3/n The traditional method is to do a large, randomly-sampled study involving dialing up 10,000s of people across a population and surveying them + doing lots of blood tests

But this is EXPENSIVE
4/n Running a proper statistically representative process, getting all the people to answer their phones and give you bloods...even if the cost per person is low, multiply that by 10-100,000 and the cost can be prohibitive
5/n Which brings us to the idea of a CONVENIENCE SAMPLE

Why is it called a convenience sample (hint: answer is in the name)
6/n Yes, convenience samples are just that - convenient

Usually, they are groups of people that you are ALREADY TESTING for some reason that you can either add another test on to or survey
7/n I have used this method in the past to look at the burden of diabetes in-hospital and GP clinics - we looked at people who were already getting blood tests, and added one extra test for diabetes (and science!)…
8/n But there's an issue here

We have selected these people very specifically. They are not a random, representative sample - they were people ALREADY GETTING blood tests which means they are probably different in LOTS OF WAYS to the general population
9/n So in our lovely study of a convenience sample of diabetes tests, we can't say anything about how much diabetes there is in the community (population prevalence)!
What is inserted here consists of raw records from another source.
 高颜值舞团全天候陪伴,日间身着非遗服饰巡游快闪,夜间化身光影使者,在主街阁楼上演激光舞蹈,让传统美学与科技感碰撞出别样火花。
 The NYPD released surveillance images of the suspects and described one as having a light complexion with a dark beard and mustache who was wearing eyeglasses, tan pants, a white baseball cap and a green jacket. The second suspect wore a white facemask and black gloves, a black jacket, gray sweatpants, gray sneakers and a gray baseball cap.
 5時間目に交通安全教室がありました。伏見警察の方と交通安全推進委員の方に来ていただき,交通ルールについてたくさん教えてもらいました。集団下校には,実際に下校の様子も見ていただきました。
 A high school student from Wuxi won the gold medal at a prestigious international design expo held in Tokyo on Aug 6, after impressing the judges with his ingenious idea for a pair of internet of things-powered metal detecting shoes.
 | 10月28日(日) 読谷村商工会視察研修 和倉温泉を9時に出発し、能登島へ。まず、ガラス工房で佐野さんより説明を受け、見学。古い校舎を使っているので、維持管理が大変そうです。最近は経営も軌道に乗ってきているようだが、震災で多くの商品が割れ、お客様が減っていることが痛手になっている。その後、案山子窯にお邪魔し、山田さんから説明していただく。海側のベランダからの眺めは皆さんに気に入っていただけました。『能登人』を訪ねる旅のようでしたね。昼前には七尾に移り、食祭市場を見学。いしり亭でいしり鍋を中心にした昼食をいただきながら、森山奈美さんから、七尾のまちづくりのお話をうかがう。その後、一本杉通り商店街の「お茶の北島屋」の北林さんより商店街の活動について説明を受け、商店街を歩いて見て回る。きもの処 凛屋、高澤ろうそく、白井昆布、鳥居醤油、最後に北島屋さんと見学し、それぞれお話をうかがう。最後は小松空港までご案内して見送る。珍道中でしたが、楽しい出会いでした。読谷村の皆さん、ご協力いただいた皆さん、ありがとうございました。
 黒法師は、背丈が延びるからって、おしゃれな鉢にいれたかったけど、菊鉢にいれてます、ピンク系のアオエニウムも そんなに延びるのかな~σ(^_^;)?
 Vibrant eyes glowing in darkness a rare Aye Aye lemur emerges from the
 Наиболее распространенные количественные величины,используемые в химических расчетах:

All we can talk about is diabetes IN THE PATIENTS TESTED
10/ "But God", you ask, with a common autocorrect mistake, "what does this have to do with COVID-19?"
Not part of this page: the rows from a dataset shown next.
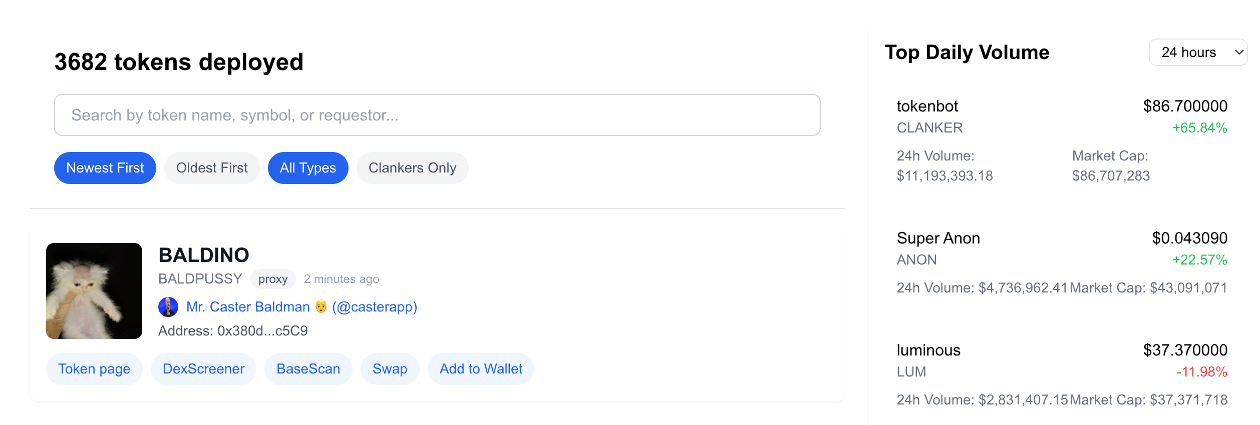 围绕 Clanker:Warpcaster 上的 AI 驱动“Token Bot”,专为快速 DIY 代币部署而设计。你只需在 Farcaster 客户端如 Warpcast 或 Supercast 上标记 Clanker,告诉它你的代币想法,它便会在 Base 上为你启动代币。
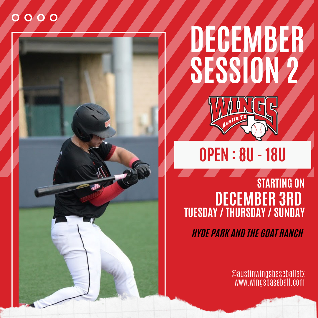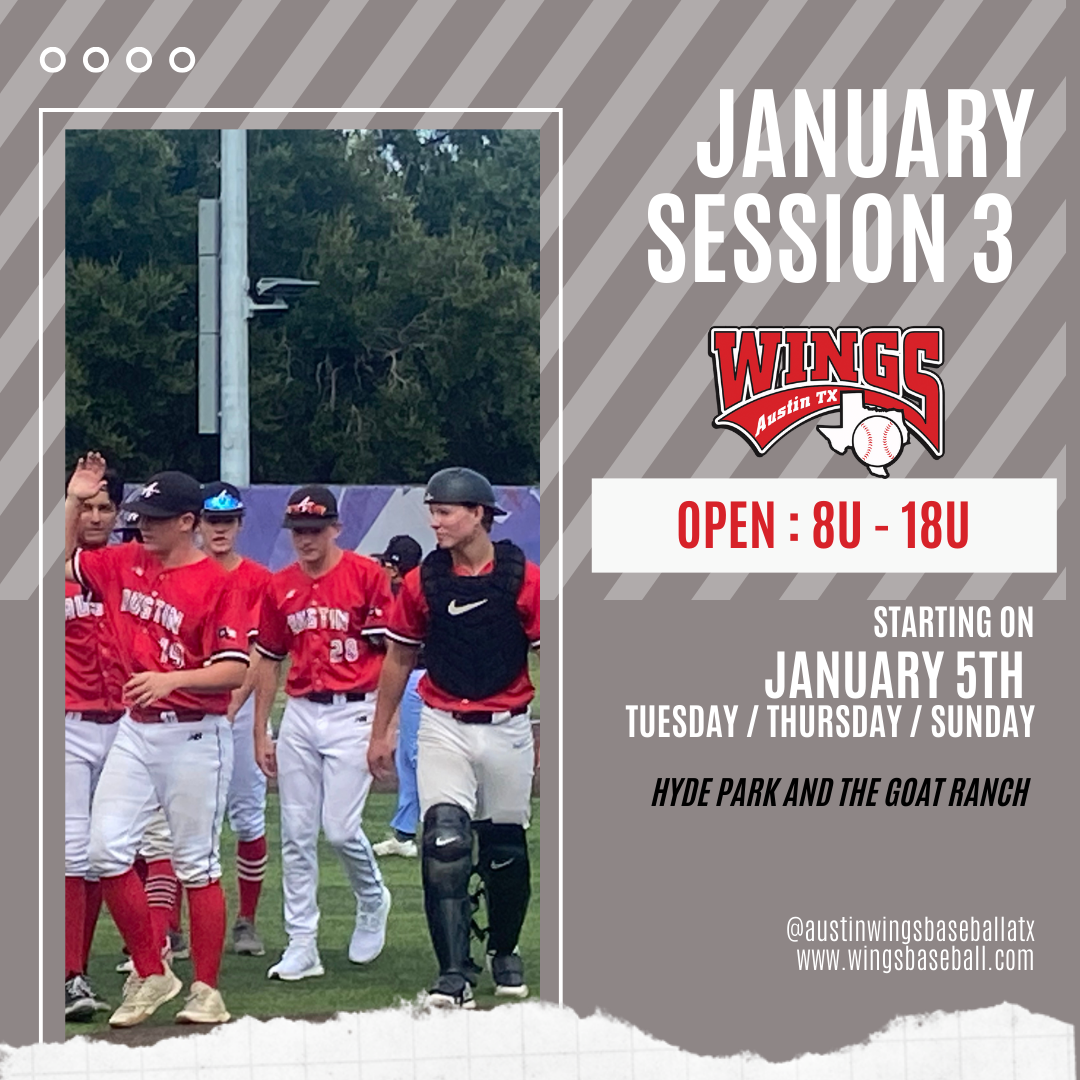 Austin Wings will be providing winter camps that will help players develop, prepare and grow their skills before the spring season. The camps will consist of hitting and an arm care program on Tuesdays and Thursdays. Sundays will consist of a long toss program and defensive segments on the field.
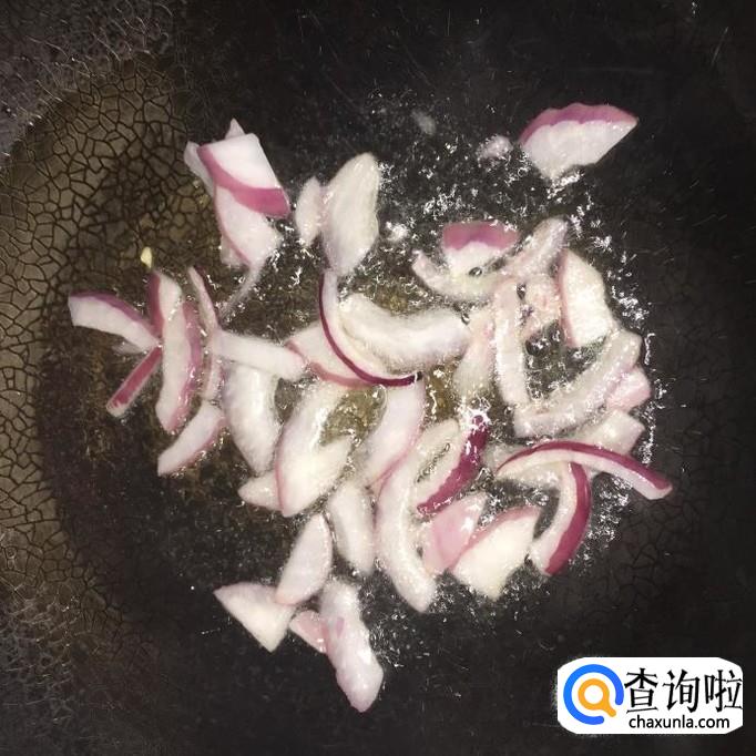 换炒锅,锅里加入适量的食用油,待油温升高后,将洋葱先下入锅里炒香,炒至颜色略变白色;

Well, reader, this is where we get to antibody testing
11/n You see, when you get sick with a new disease, your body produces antibodies*

We can then test for these antibodies to see if you've had the disease before*

*oversimplified, plz don't murder me immunologists
12/n If you run an antibody test on a large group of people, it's called a serosurvey (because antibody tests are also known as serology in sciency terms)
13/n Now, a lot of places (countries, states, colleges) have run serosurveys and had a grand old time of it. This is why you keep seeing those news articles saying that x% of people in a place have had COVID-19 already
14/n The problem is, some of these serosurveys used CONVENIENCE SAMPLES

Just like we discussed earlier, that makes them a bit problematic
15/n My co-authors and I, in our systematic review of age-stratified IFRs for COVID-19, looked into just how problematic

The answer: a whole lot…
16/n For example, one study in Tokyo that used a CONVENIENCE SAMPLE found that 3.8% of people had had COVID-19 in the sample tested

But a proper randomized sample found just 0.1% - 38 times lower!
17/n In England, a CONVENIENCE SAMPLE of blood donors implied that 1 in 12 people had had COVID-19, but a large representative sample found it was just 1 in 20
18/n The problem is, these CONVENIENCE SAMPLES are systematically biased. They are of people who are different to the general population in ways that can be very difficult to measure and/or understand
19/n Blood donors, for example, are young and healthy by design. But the people who have been (generously) giving blood during the pandemic might also be...well, a bit odd
20/n They're going to great personal lengths to sacrifice for the rest of us ungrateful buggers, which might indicate that they're more likely to socialize, more likely to mingle, and thus more likely to get infected

21/n And this is the problem with convenience samples, generally

We cannot use them to estimate population prevalence (how many people have had COVID-19), because they aren't representative of society as a whole
22/n So if you see a headline that says "x% of people infected with COVID-19!" take a leaf out of my mentor's book and ask:


It's a vitally important question

I use them in my research. They are brilliant for quick, cheap tracking of rates of infection IN SELECT GROUPS

They also provide a brilliant window into change OVER TIME
24/n For example, if you sample blood donors every week for a year, you've got an amazing insight into the changing nature of the pandemic

25/n You just can't use those results to tell how many people in the rest of society have gotten COVID-19

But that doesn't mean the results aren't helpful at all

• • •

Missing some Tweet in this thread? You can try to force a refresh

Keep Current with Health Nerd

Health Nerd Profile picture

Stay in touch and get notified when new unrolls are available from this author!

Read all threads

This Thread may be Removed Anytime!


Twitter may remove this content at anytime! Save it as PDF for later use!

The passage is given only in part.